CALLER: Well, I would think that unless the mother expressly left that out on purpose and said, “Well, I’m not worried about the reason he’s doing it. I’m just worried he’s gonna get hurt,” I wouldn’t assume that she didn’t think both things, that number one he shouldn’t doing it and secondly, “I don’t want to him to get hurt.” That’s her primary responsibility at the moment just to get him out of there.
CALLER: I just think there were a lot of assumptions made, and I’m a 27-year student of EIB U, university and a resident of Realville.
RUSH: Yeah? (chuckling)
CALLER: And here I am thinking about calling Rush and disagreeing with him. But when I heard you say that yesterday, you said, “That makes no sense,” or, “That’s nonsense,” and I looked up at the radio — as you’ve probably done before — and said, “Well, of course it made sense,” and grabbed the phone, and the first time I called it rang and someone answered, and I almost couldn’t believe it.
RUSH: Well, hang on. I gotta take a quick break here. I will come back and close it out with you. This is Dave in Indianapolis, and by the way, thanks for letting us call you back. ‘Cause I took his call yesterday and I misread the clock and didn’t have nearly the time left I thought we did.
RUSH: Okay. So, Dave, to wrap it up, where are you now on the whole thing with Toya Graham coming out and slapping her son and telling him to get off the protest march and the riot?
CALLER: Well, I think all we see is that picture. I didn’t look into her life. I didn’t see… I mean, when people were asking, “Where was the father?” I just assumed he was at work. It was only later on I found out that she was single. I didn’t really pry into it, so all I see is that moment. At that moment, yes, she did the right thing. That’s what I would have done; that’s what you would have done. I mean, my wife was well raised by her parents, and I know her mom might have even done worse. So it’s all good.
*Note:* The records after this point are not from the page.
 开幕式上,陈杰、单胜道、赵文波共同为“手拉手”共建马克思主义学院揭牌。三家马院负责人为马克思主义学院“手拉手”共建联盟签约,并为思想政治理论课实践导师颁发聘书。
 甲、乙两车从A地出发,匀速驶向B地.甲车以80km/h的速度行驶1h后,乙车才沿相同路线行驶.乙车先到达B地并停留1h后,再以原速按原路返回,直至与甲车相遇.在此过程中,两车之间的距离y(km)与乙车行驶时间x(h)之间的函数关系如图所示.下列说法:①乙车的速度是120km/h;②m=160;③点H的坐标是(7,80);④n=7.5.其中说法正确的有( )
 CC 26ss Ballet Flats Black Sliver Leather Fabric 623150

RUSH: Well, but, see, look —
CALLER: If it’s been going on in the past —
RUSH: But not every parent… She stands out because she’s the only parent to do it — that anybody saw, anyway. That’s why it stood out, and she was applauded. What does that tell you? Good sign. She’s applauded, until she spoke, “Aw, I just didn’t want him getting killed.” She didn’t comment on the protest itself. She has six kids, no husband, lives alone, no job, and I think…
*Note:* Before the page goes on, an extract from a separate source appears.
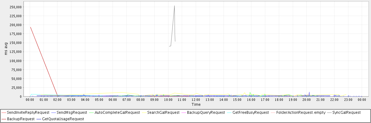avg(SendInviteReplyRequest) = 565.50 avg(SendMsgRequest) = 350.24 avg(AutoCompleteGalRequest) = 1003.38 avg(SearchGalRequest) = 4483.71 avg(BackupQueryRequest) = 671.20 avg(GetFreeBusyRequest) = 542.54 avg(FolderActionRequest.empty) = 519.38 avg(SyncGalRequest) = 172490.80 avg(BackupRequest) = 97105.50 avg(GetQuotaUsageRequest) = 1270.50

Ah, I don’t remember well enough.
She witnessed a gunshot death in her family at some point in the recent past, so it was fresh on her mind. But she just didn’t want any harm to come to her son. Now, a lot of parents would have thought their kids were doing a valiant thing by going out there and protesting the cops, and would have encouraged them to do so. We don’t see this often: Parents, when they find out their kids are running out there, yanking ’em off the street and saying, “What the hell do you think you’re doing?”
We don’t see it.
That’s why it made news and stood out.